__GIVEN DATA__.
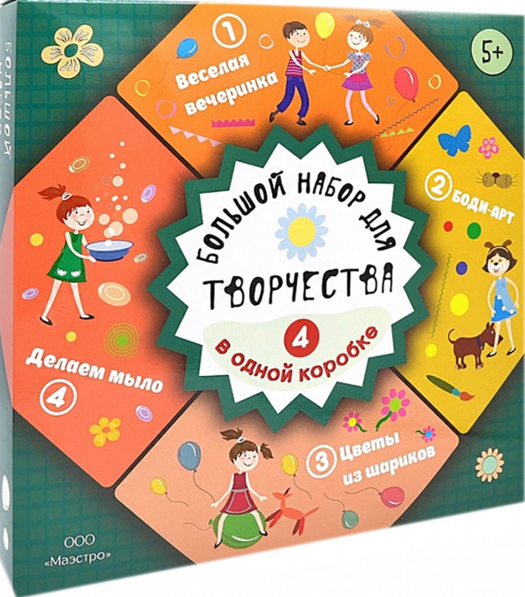 Поделки из бумаги, игрушки из помпончиков, мыло своими руками и кулинарные рецепты - 4 блистера с разнообразными компонентами и четыре 48-страничных книги в твердом переплете с подробными инструкциями и цветными иллюстрациями.
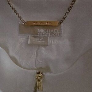 Step out in sleek, modern style with this crisp white MICHAEL Michael Kors jacket! Features luxe gold zipper detailing on the chest and pockets, plus a tailored silhouette that hits right at the waist. Made from a cotton-spandex blend for a structured yet comfortable fit. Perfect for layering over dresses, jeans, or jumpsuits. A polished must-have for spring & fall!
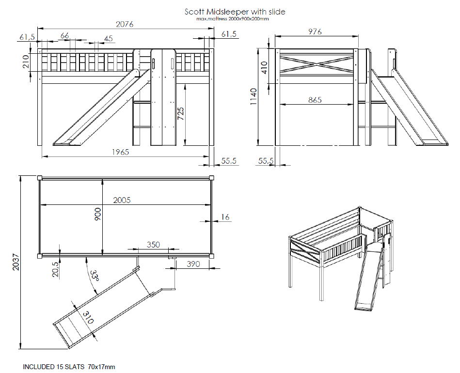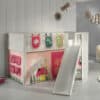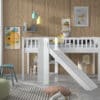 De SCOTT halfhoogslaper (90 x 200 cm) met glijbaan in wit is vervaardigd uit massief Scandinavisch grenen. Het is niet alleen een comfortabele slaapplek, maar geeft ook eindeloos speelplezier. Er kunnen optioneel lades toegevoegd worden die kunnen ingezet worden als opbergruimte voor speelgoed, boeken, kussens,… Dit maakt het ideaal voor kamers waar ruimtebesparing essentieel is. De textielset in het thema SPRING is de perfecte aanvulling hierop. Kinderen genieten met volle teugen van hun verborgen speelparadijs onder hun bed!
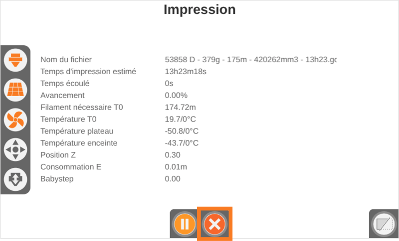 Il est possible d’annuler/arrêter une impression en appuyant sur l’icône (X). L’imprimante finit d’exécuter les commandes en mémoire et s’arrête au bout de quelques instants ; la tête se déplace afin de libérer le volume d’impression. Les éléments mobiles et chauffants ne sont plus alimentés.
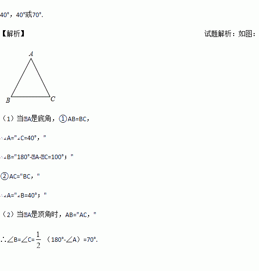 等腰三角形ABC中,∠A=40°,则∠B=_________ °
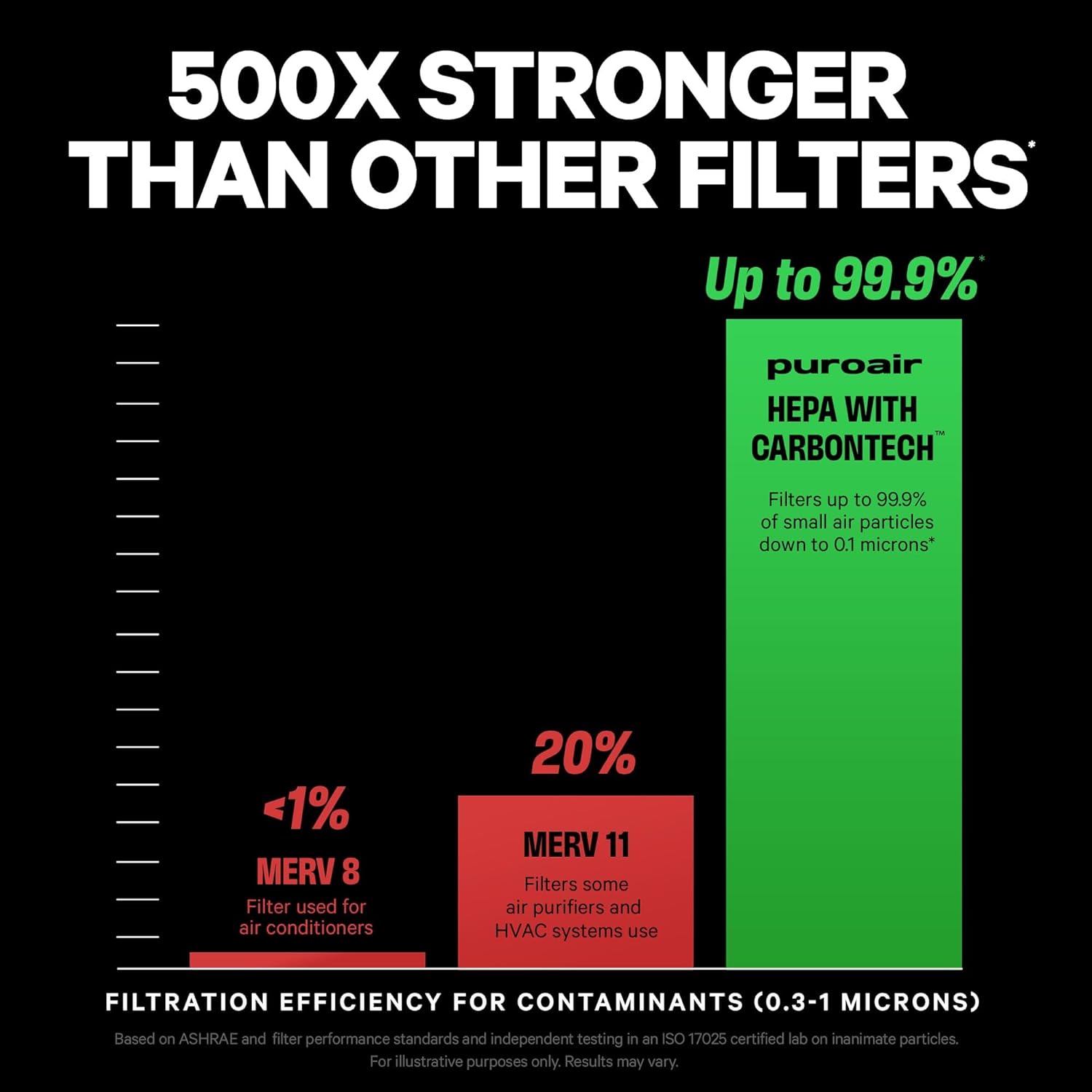 Powerful Air Filter: PuroAir HEPA air purifiers for home feature a powerful 3-layer filtration system—a pre-filter, HEPA filter, and activated carbon—that filter up to 99.9% of pollutants, including dust, pollen, smoke, pet dander, and VOCs. PuroAir air filters can filter particles 700X smaller than the size of a human hair.* (Based on filter performance standards and independent testing on inanimate particles in an ISO 17025 laboratory, 2024.)
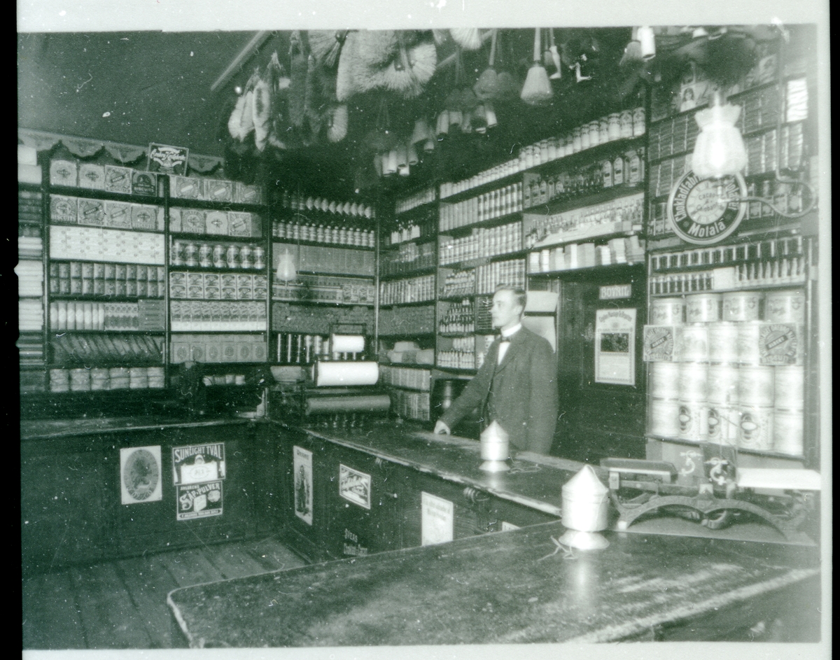 Interiör av köpman Erland Nilsson's diversehandel, c:a 1900.
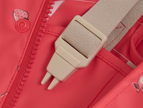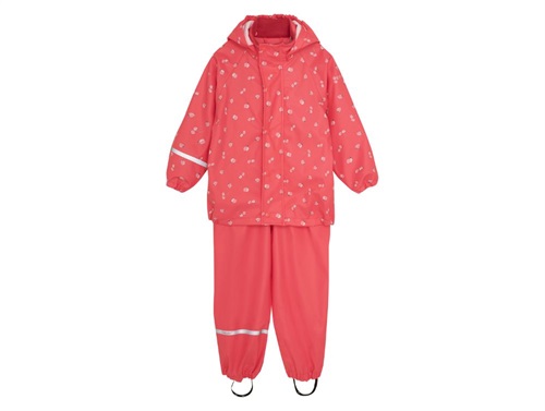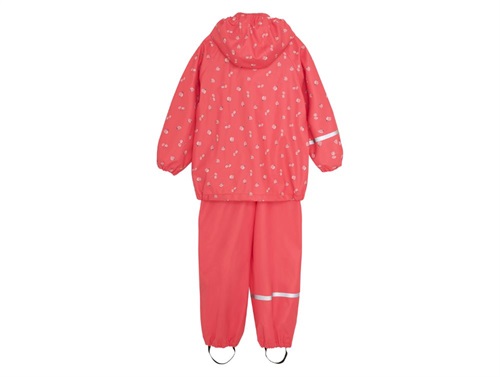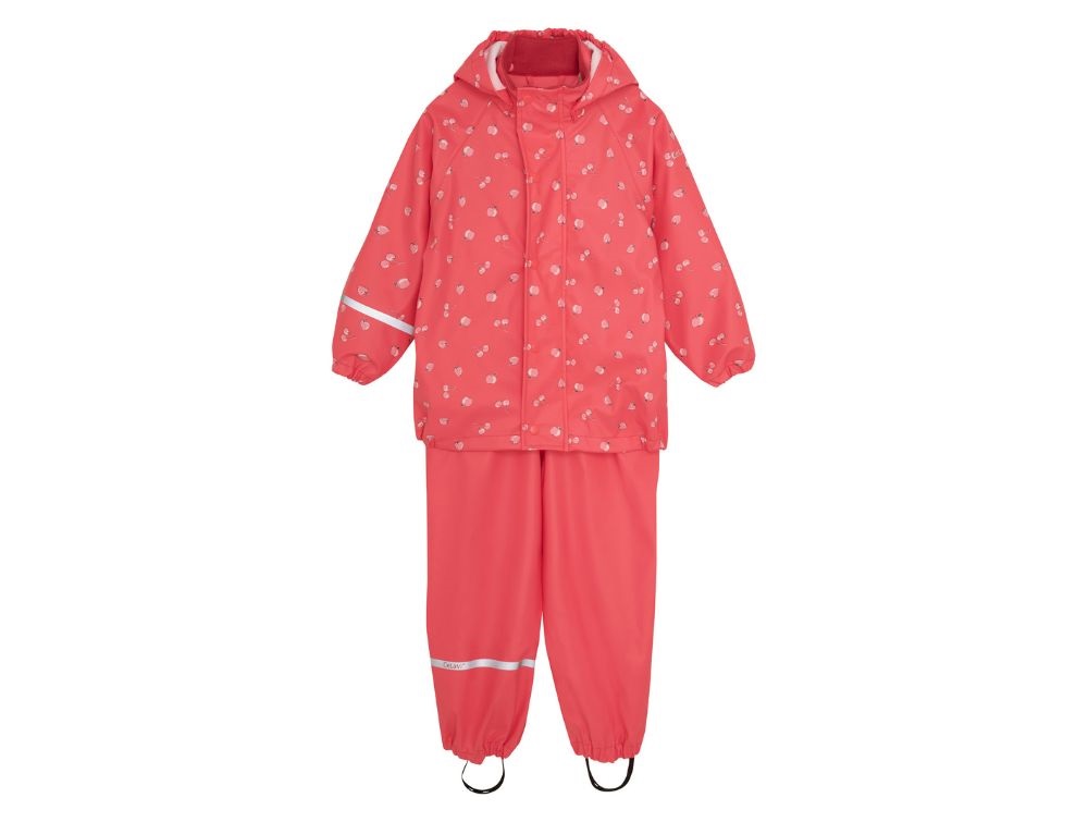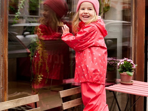 Regnsæt fra CeLaVi i rød (cayenne) med rosa frugtprint på jakken – jordbær, kirsebær og æbler.
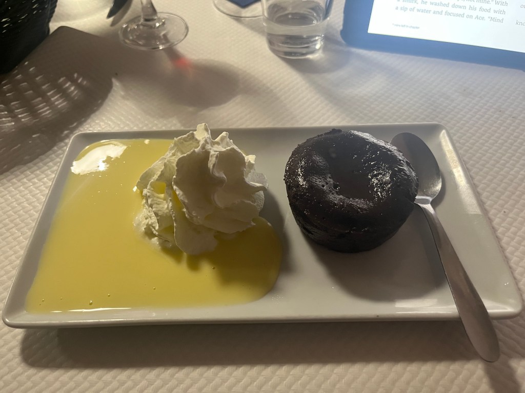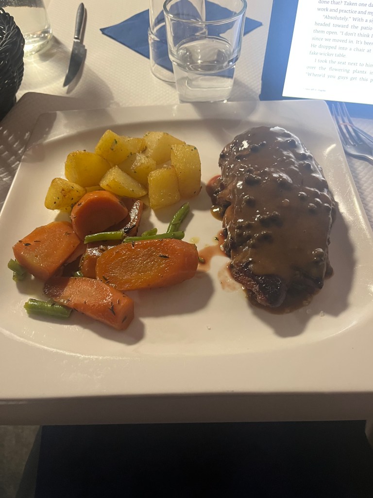 They have a set price menu for 25 euros which includes appetizer, main dish and dessert. The glasses of wine were 4 euros. I had foie gras from appetizer and it was made in the restaurant. I followed that up with Canard (duck breast) in pepper sauce with roasted potatoes and carrots. For dessert, I had chocolate fondant. I had two glasses of wine with dinner. It was all delicious and reasonably priced.
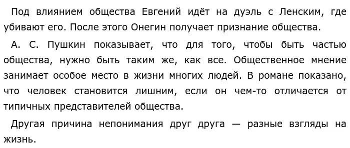 А. С. Пушкина «Евгений Онегин», один из главных героев — Евгений — молодой состоятельный дворянин родом из Петербурга. Он вырос в светском обществе и всё своё время привык проводить в праздности. Евгений устает от столичной жизни и переезжает в деревню, где пытается начать новую жизнь. Там он знакомится с Владимиром Ленским — полной противоположностью Евгения. Владимир — пылкий, восторженный молодой человек, не знавший жизни и не ведавший предательства. Онегин не может найти своего места и предназначения. Среди всех жителей деревни он чувствует себя «лишним человеком», потому что они слишком просты и недостаточно хорошо образованны.
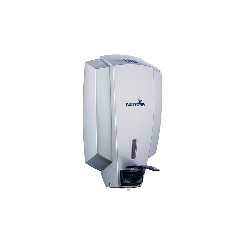 Dispenser da muro in plastica con leva a gomito. Colore grigio. Dimensioni cm.47x26x13. Funziona esclusivamente con cartucce T BAG
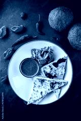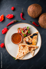 Flatbread stuffed with sauce and fresh vegetable salad, greens.

__TASK DIRECTIONS__. Word for word, write out each of the records, but not the pictures.

__RESPONSE TO THIS EXERCISE__.
 Поделки из бумаги, игрушки из помпончиков, мыло своими руками и кулинарные рецепты - 4 блистера с разнообразными компонентами и четыре 48-страничных книги в твердом переплете с подробными инструкциями и цветными иллюстрациями.
 Step out in sleek, modern style with this crisp white MICHAEL Michael Kors jacket! Features luxe gold zipper detailing on the chest and pockets, plus a tailored silhouette that hits right at the waist. Made from a cotton-spandex blend for a structured yet comfortable fit. Perfect for layering over dresses, jeans, or jumpsuits. A polished must-have for spring & fall!
 De SCOTT halfhoogslaper (90 x 200 cm) met glijbaan in wit is vervaardigd uit massief Scandinavisch grenen. Het is niet alleen een comfortabele slaapplek, maar geeft ook eindeloos speelplezier. Er kunnen optioneel lades toegevoegd worden die kunnen ingezet worden als opbergruimte voor speelgoed, boeken, kussens,… Dit maakt het ideaal voor kamers waar ruimtebesparing essentieel is. De textielset in het thema SPRING is de perfecte aanvulling hierop. Kinderen genieten met volle teugen van hun verborgen speelparadijs onder hun bed!
 Il est possible d’annuler/arrêter une impression en appuyant sur l’icône (X). L’imprimante finit d’exécuter les commandes en mémoire et s’arrête au bout de quelques instants ; la tête se déplace afin de libérer le volume d’impression. Les éléments mobiles et chauffants ne sont plus alimentés.
 等腰三角形ABC中,∠A=40°,则∠B=_________ °
 Powerful Air Filter: PuroAir HEPA air purifiers for home feature a powerful 3-layer filtration system—a pre-filter, HEPA filter, and activated carbon—that filter up to 99.9% of pollutants, including dust, pollen, smoke, pet dander, and VOCs. PuroAir air filters can filter particles 700X smaller than the size of a human hair.* (Based on filter performance standards and independent testing on inanimate particles in an ISO 17025 laboratory, 2024.)
 Interiör av köpman Erland Nilsson's diversehandel, c:a 1900.
 Regnsæt fra CeLaVi i rød (cayenne) med rosa frugtprint på jakken – jordbær, kirsebær og æbler.
 They have a set price menu for 25 euros which includes appetizer, main dish and dessert. The glasses of wine were 4 euros. I had foie gras from appetizer and it was made in the restaurant. I followed that up with Canard (duck breast) in pepper sauce with roasted potatoes and carrots. For dessert, I had chocolate fondant. I had two glasses of wine with dinner. It was all delicious and reasonably priced.
 А. С. Пушкина «Евгений Онегин», один из главных героев — Евгений — молодой состоятельный дворянин родом из Петербурга. Он вырос в светском обществе и всё своё время привык проводить в праздности. Евгений устает от столичной жизни и переезжает в деревню, где пытается начать новую жизнь. Там он знакомится с Владимиром Ленским — полной противоположностью Евгения. Владимир — пылкий, восторженный молодой человек, не знавший жизни и не ведавший предательства. Онегин не может найти своего места и предназначения. Среди всех жителей деревни он чувствует себя «лишним человеком», потому что они слишком просты и недостаточно хорошо образованны.
 Dispenser da muro in plastica con leva a gomito. Colore grigio. Dimensioni cm.47x26x13. Funziona esclusivamente con cartucce T BAG
 Flatbread stuffed with sauce and fresh vegetable salad, greens.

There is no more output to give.